* _Records shown_
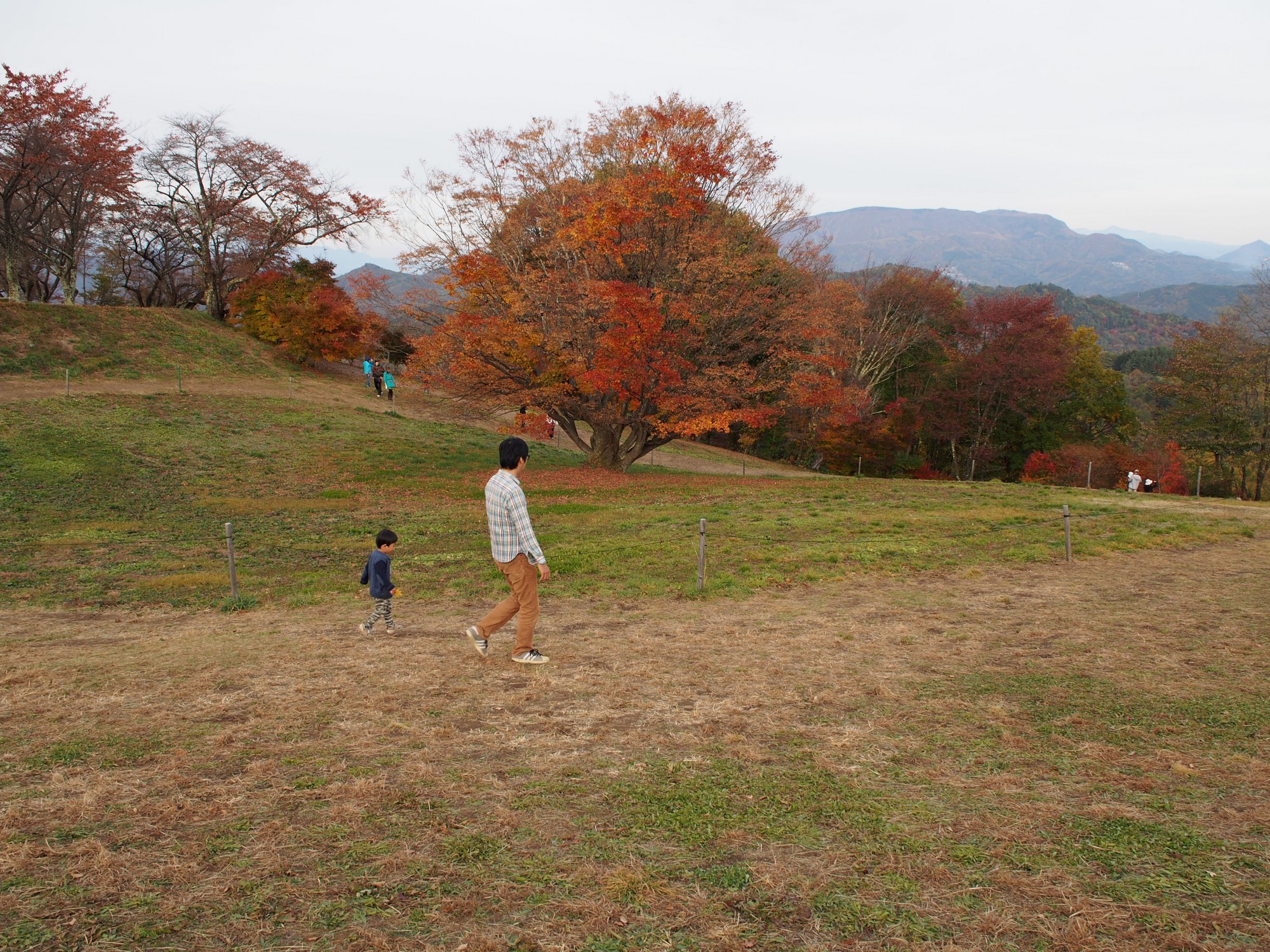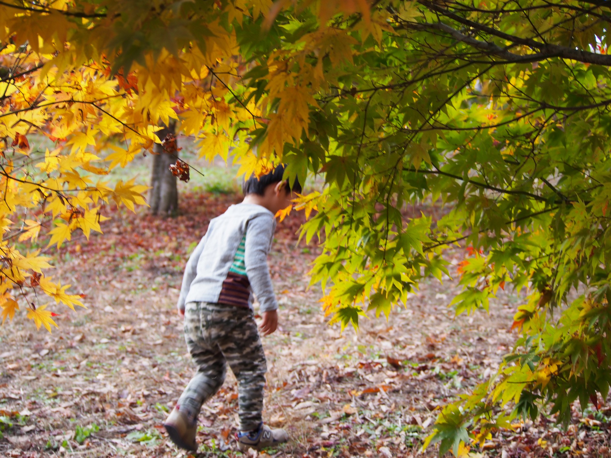 葉が散っていたためか、ずっと車内にいたためか、息子はカエデの木よりも歩き回ることに夢中でした。
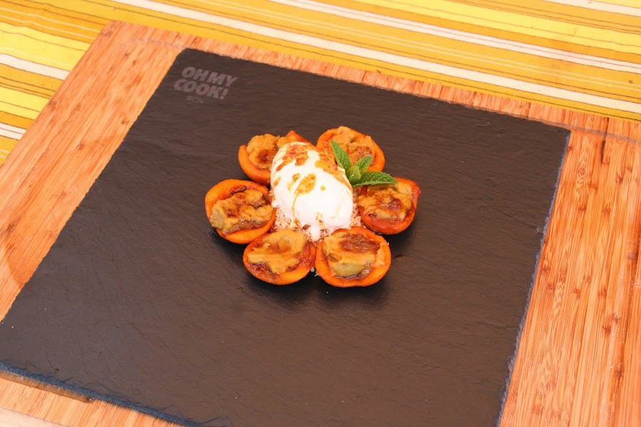 En un plato de pizarra cuadrado poner un poco de galleta en el centro y rodear con 6 mitades de níspero
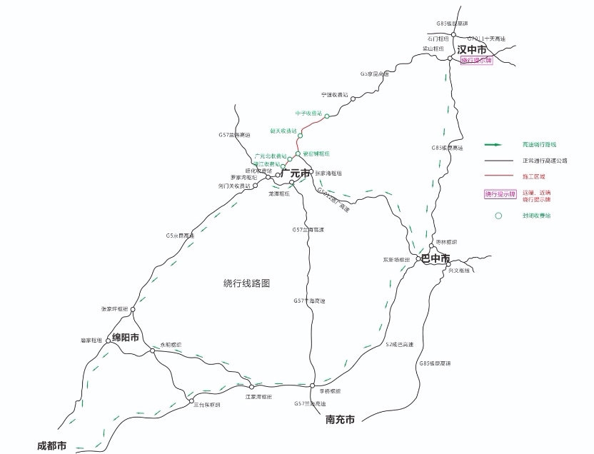 G5京昆高速公路进川方向广元收费站至川陕界路段实行封闭施工,关闭京昆高速公路中子站、朝天站、广元站以及广元绕城高速上西站等4个收费站往绵阳方向进站车道,关闭广元绕城高速瓷窑铺枢纽往绵阳方向匝道,所有车辆借用其它道路绕行。
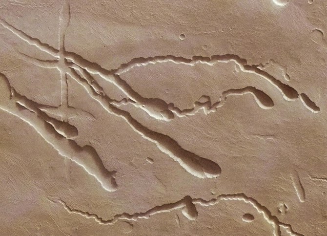 Caves on Mars; images courtesy of NASA/JPL-Caltech/ASU/USGS.
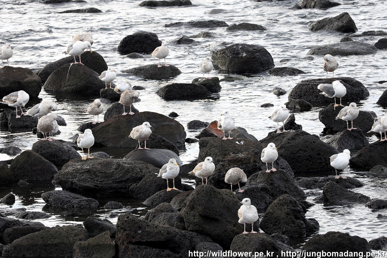 양식장 배수구 주면에는 언제나 새들이 만원입니다.
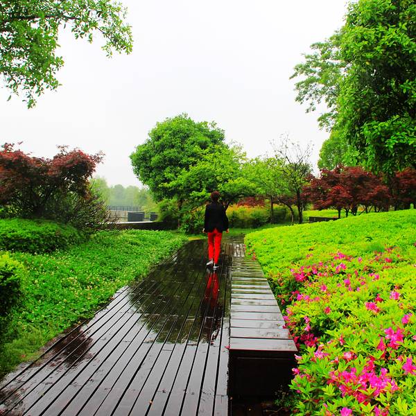 在良渚博物馆前的一个小公园,冬季游人较少,春夏秋季是可以去的在良渚博物馆前的一个小公园,冬季游人较少,春夏秋季是可以去的。春季踏青,夏季烧烤,秋季看枫叶。在公园的观景台里可以近眺良渚博物馆,观察它的外部整体构造
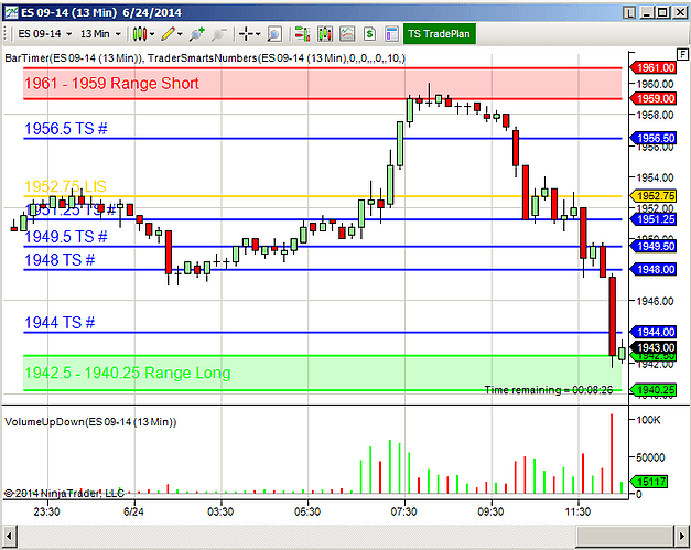 The TS TradePlan Indicator, available for NinjaTrader 7, NinjaTrader 8, SierraChart, TradeStation, eSignal, MultiCharts and MultiCharts.NET platforms, enables automatic plotting of the current day's TS #'s and Execution/Target Zones on to your charts.
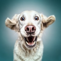 The image features a golden retriever, a breed of dog. It appears to be a studio shot with the dog against a plain background, possibly for the purpose of capturing a high-quality portrait or for use in marketing materials. The dog is looking directly at the camera and has its ears flapping outwards as if it's excited or happy.
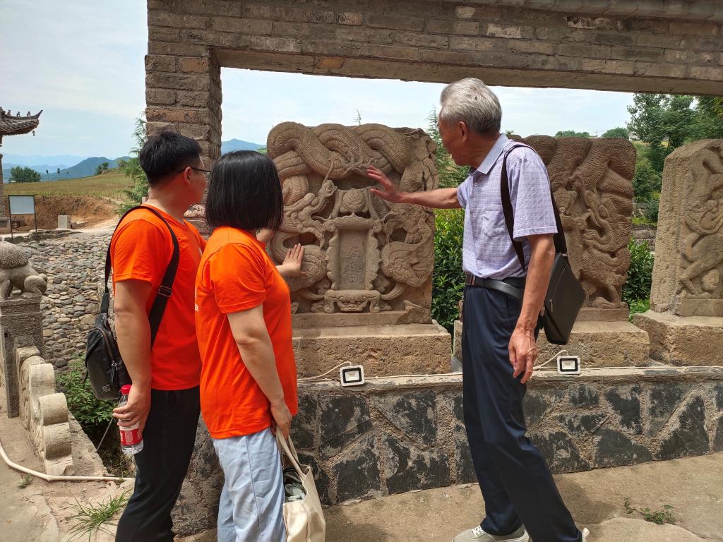辗转流亡寄乡庙,烽火连天保安宁。团队成员踏着露水来到这里,一股浓厚的历史气息迎面而来。成排的房屋,是曾经的教室;灰砖白墙,是教育的辉煌;断壁残垣,也是过往的耻辱。饱经沧桑又充满红色历史的古村落,在青山环抱之中,默默承载着河南大学与潭头镇人民肝胆相照,守望相助的历史。河南大学选择了潭头,而潭头亦选择了河南大学。辗转千里,河南大学文、理、农三个学院设在了大王庙村。大王庙的百姓腾房让舍,为河大师生提供食宿,教学及办公帮助,给予河大莫大的支持。团队成员抚摸曾经的雕花石柱,仿佛听见百年间的风霜雨雪。
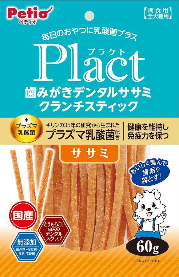 Plactはペットの健康を考えて乳酸菌をプラスしたブランドです。おいしく食べやすいササミの細切りにとうもろこし由来のデンタルスクラブを配合。毎日美味しく歯みがきできる! 着色料・保存料・香料無添加。
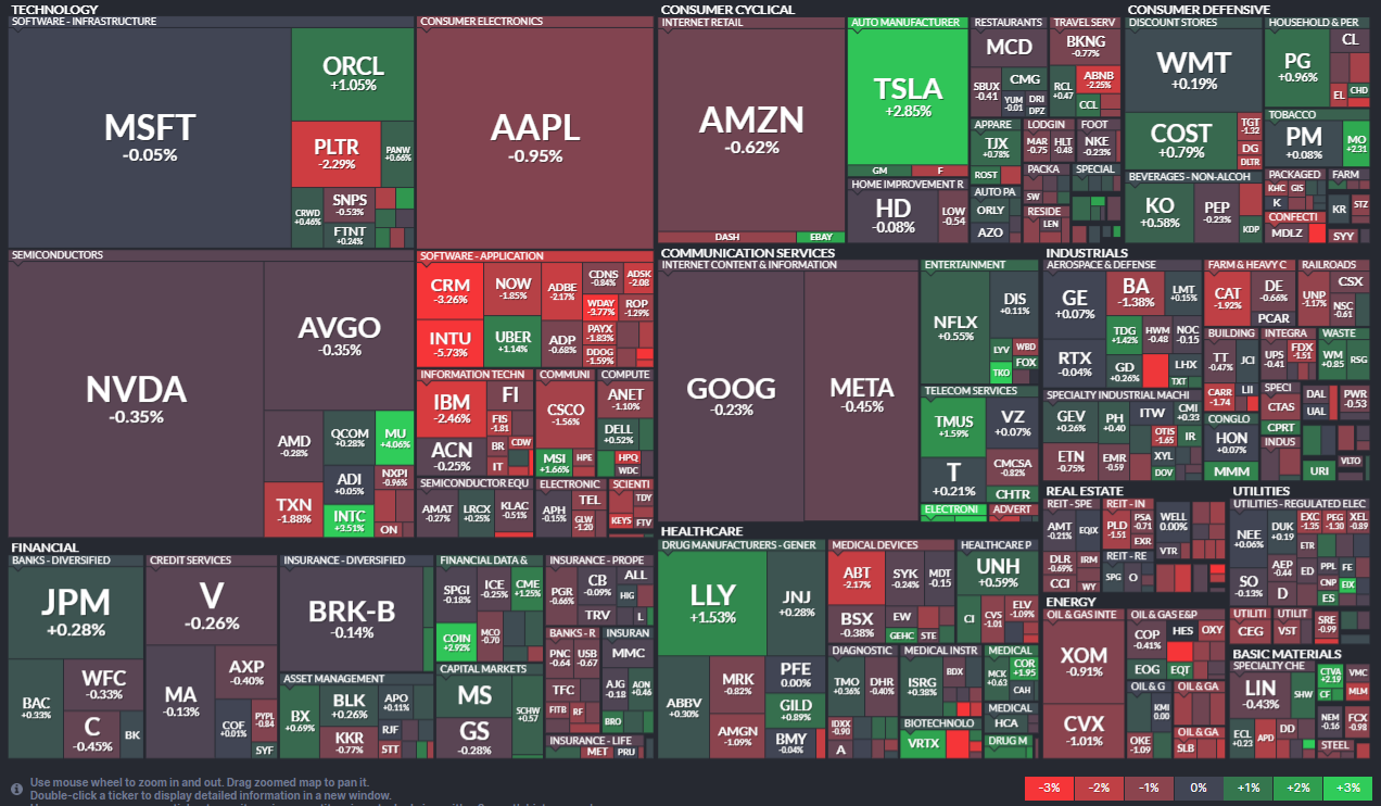 반도체 대형주 엔비디아가 0.35% 소폭 하락했습니다. AI 칩 수요 기대에도 불구하고, 광범위한 테크 섹터 약세가 반영되었습니다.

* _Required work_
Please leave out the pictures as you reproduce the lines exactly, from the first line of the entries through the line containing "The image features".

* _Result of this task_
 葉が散っていたためか、ずっと車内にいたためか、息子はカエデの木よりも歩き回ることに夢中でした。
 En un plato de pizarra cuadrado poner un poco de galleta en el centro y rodear con 6 mitades de níspero
 G5京昆高速公路进川方向广元收费站至川陕界路段实行封闭施工,关闭京昆高速公路中子站、朝天站、广元站以及广元绕城高速上西站等4个收费站往绵阳方向进站车道,关闭广元绕城高速瓷窑铺枢纽往绵阳方向匝道,所有车辆借用其它道路绕行。
 Caves on Mars; images courtesy of NASA/JPL-Caltech/ASU/USGS.
 양식장 배수구 주면에는 언제나 새들이 만원입니다.
 在良渚博物馆前的一个小公园,冬季游人较少,春夏秋季是可以去的在良渚博物馆前的一个小公园,冬季游人较少,春夏秋季是可以去的。春季踏青,夏季烧烤,秋季看枫叶。在公园的观景台里可以近眺良渚博物馆,观察它的外部整体构造
 The TS TradePlan Indicator, available for NinjaTrader 7, NinjaTrader 8, SierraChart, TradeStation, eSignal, MultiCharts and MultiCharts.NET platforms, enables automatic plotting of the current day's TS #'s and Execution/Target Zones on to your charts.
 The image features a golden retriever, a breed of dog. It appears to be a studio shot with the dog against a plain background, possibly for the purpose of capturing a high-quality portrait or for use in marketing materials. The dog is looking directly at the camera and has its ears flapping outwards as if it's excited or happy.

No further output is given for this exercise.